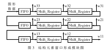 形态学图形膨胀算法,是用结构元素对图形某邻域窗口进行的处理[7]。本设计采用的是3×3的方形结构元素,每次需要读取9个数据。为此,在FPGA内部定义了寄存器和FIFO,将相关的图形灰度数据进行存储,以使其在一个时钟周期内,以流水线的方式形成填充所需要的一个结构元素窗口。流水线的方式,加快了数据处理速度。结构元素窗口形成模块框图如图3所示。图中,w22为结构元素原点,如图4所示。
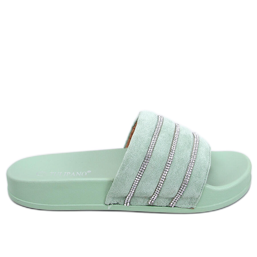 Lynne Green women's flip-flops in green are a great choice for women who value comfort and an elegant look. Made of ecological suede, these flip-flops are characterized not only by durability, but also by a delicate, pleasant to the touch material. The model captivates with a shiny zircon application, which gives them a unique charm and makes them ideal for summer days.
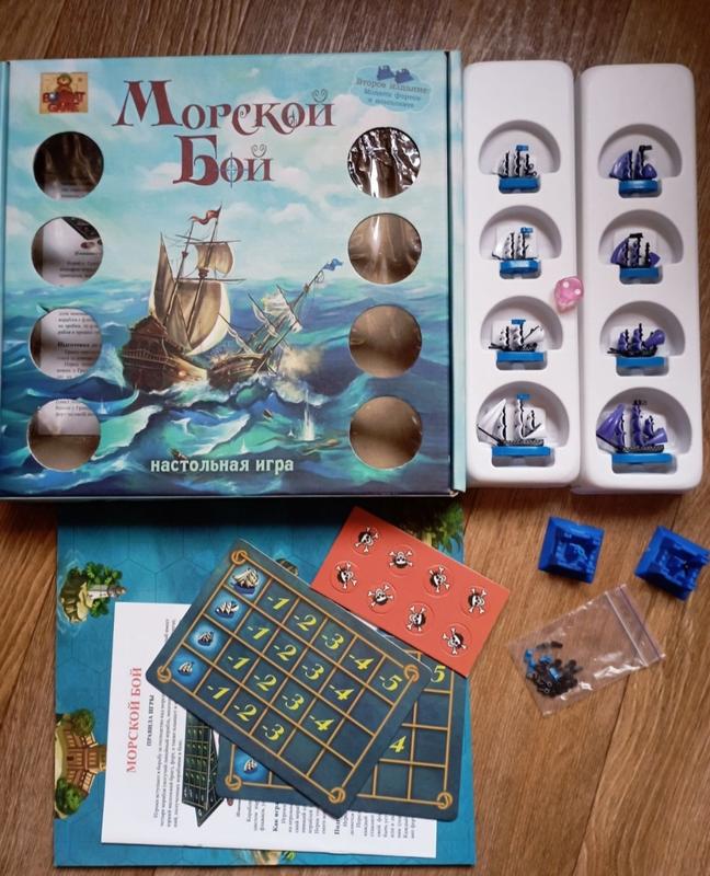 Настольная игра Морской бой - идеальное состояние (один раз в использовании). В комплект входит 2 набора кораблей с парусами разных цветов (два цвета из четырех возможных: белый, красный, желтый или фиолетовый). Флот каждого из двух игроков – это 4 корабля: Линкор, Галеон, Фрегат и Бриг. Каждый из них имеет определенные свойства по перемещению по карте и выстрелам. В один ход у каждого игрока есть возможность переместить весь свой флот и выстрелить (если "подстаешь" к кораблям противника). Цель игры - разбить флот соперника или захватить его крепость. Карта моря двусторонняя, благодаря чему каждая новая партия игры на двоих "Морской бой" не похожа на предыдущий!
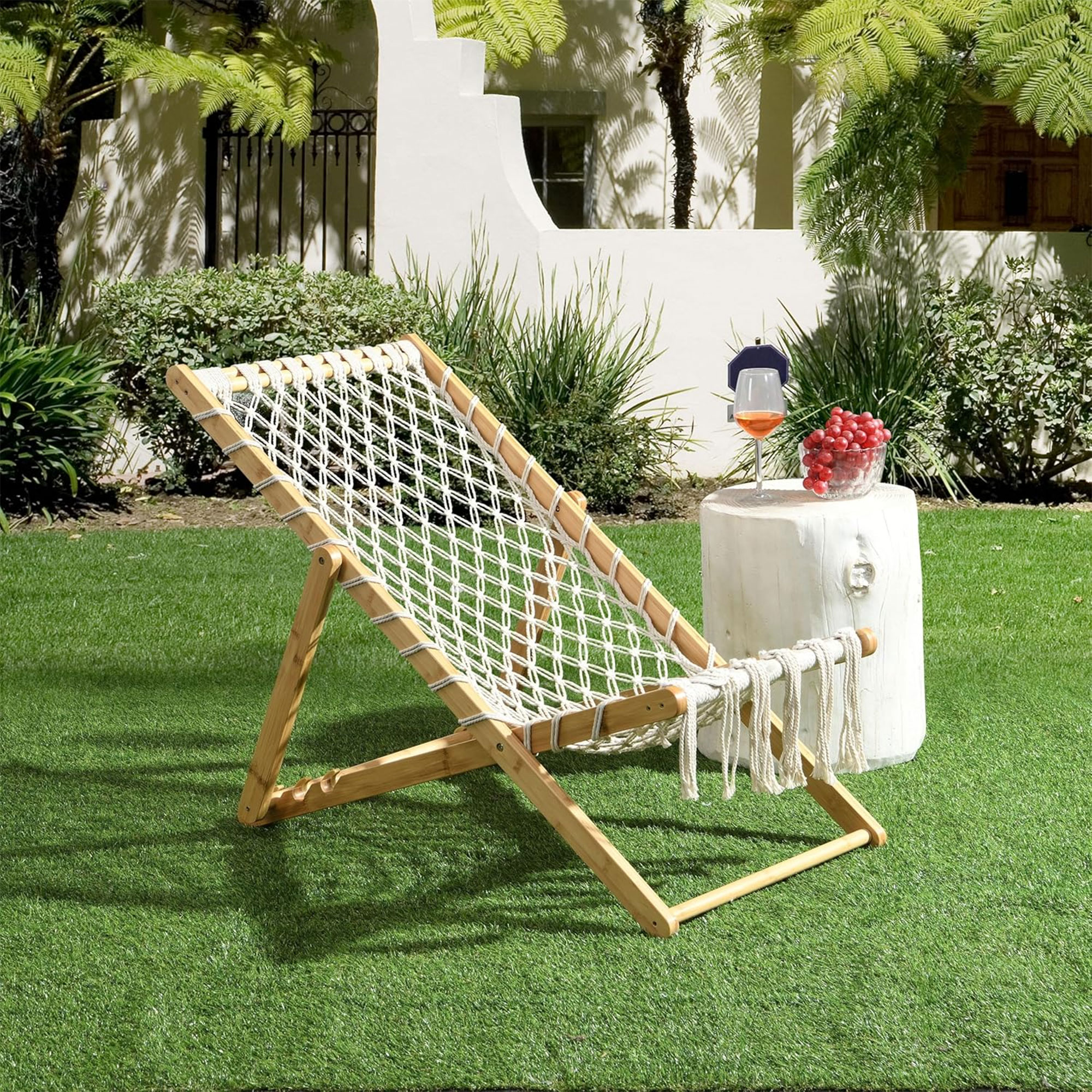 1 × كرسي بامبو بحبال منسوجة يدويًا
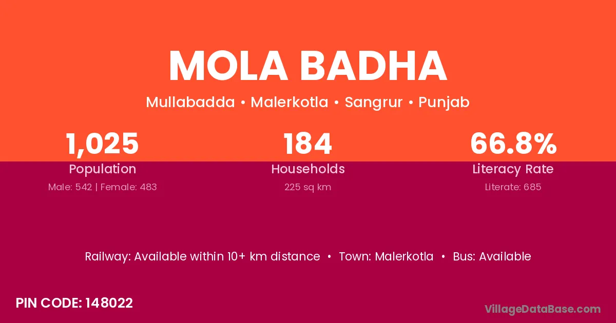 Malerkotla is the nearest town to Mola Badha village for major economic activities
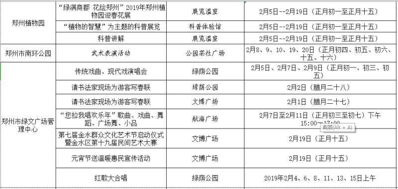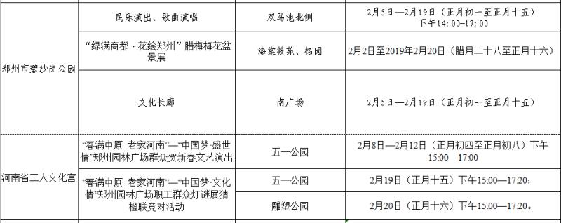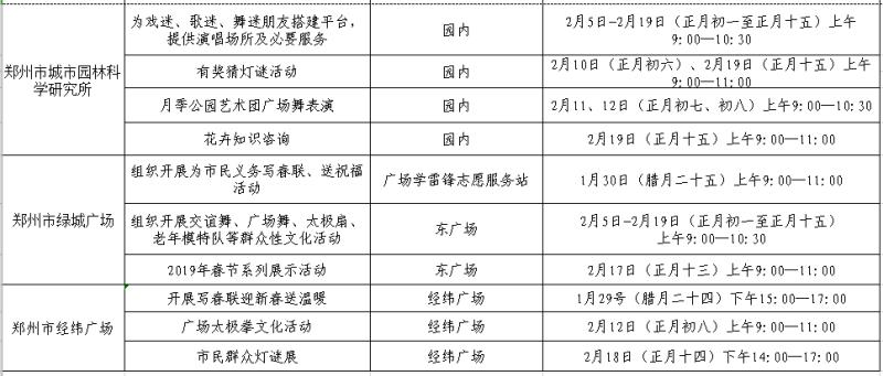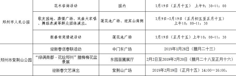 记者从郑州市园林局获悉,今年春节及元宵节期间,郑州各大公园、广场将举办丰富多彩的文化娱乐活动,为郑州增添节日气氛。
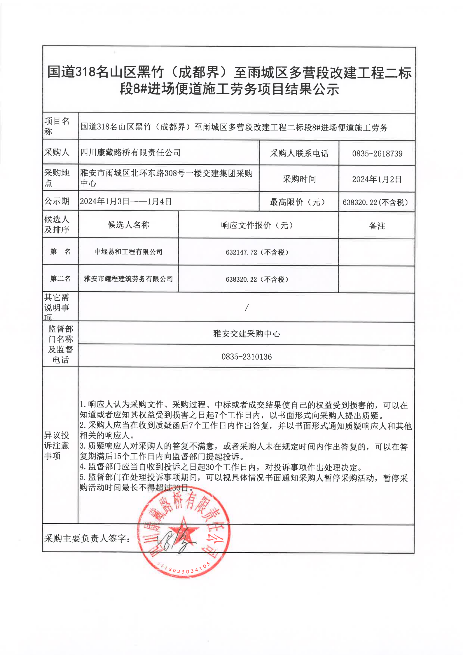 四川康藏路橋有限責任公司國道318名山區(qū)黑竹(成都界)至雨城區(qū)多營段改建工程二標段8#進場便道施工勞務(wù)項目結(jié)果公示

━━━━━━━━━━━━━━━━━━━━━━━━━━━━━━

What needs to be done ::
Your reply should consist only of the lines running from the line with "Настольная игра Морской" to the end of the entries, both included, copied exactly and without any pictures.

Final answer ::
 Настольная игра Морской бой - идеальное состояние (один раз в использовании). В комплект входит 2 набора кораблей с парусами разных цветов (два цвета из четырех возможных: белый, красный, желтый или фиолетовый). Флот каждого из двух игроков – это 4 корабля: Линкор, Галеон, Фрегат и Бриг. Каждый из них имеет определенные свойства по перемещению по карте и выстрелам. В один ход у каждого игрока есть возможность переместить весь свой флот и выстрелить (если "подстаешь" к кораблям противника). Цель игры - разбить флот соперника или захватить его крепость. Карта моря двусторонняя, благодаря чему каждая новая партия игры на двоих "Морской бой" не похожа на предыдущий!
 1 × كرسي بامبو بحبال منسوجة يدويًا
 Malerkotla is the nearest town to Mola Badha village for major economic activities
 记者从郑州市园林局获悉,今年春节及元宵节期间,郑州各大公园、广场将举办丰富多彩的文化娱乐活动,为郑州增添节日气氛。
 四川康藏路橋有限責任公司國道318名山區(qū)黑竹(成都界)至雨城區(qū)多營段改建工程二標段8#進場便道施工勞務(wù)項目結(jié)果公示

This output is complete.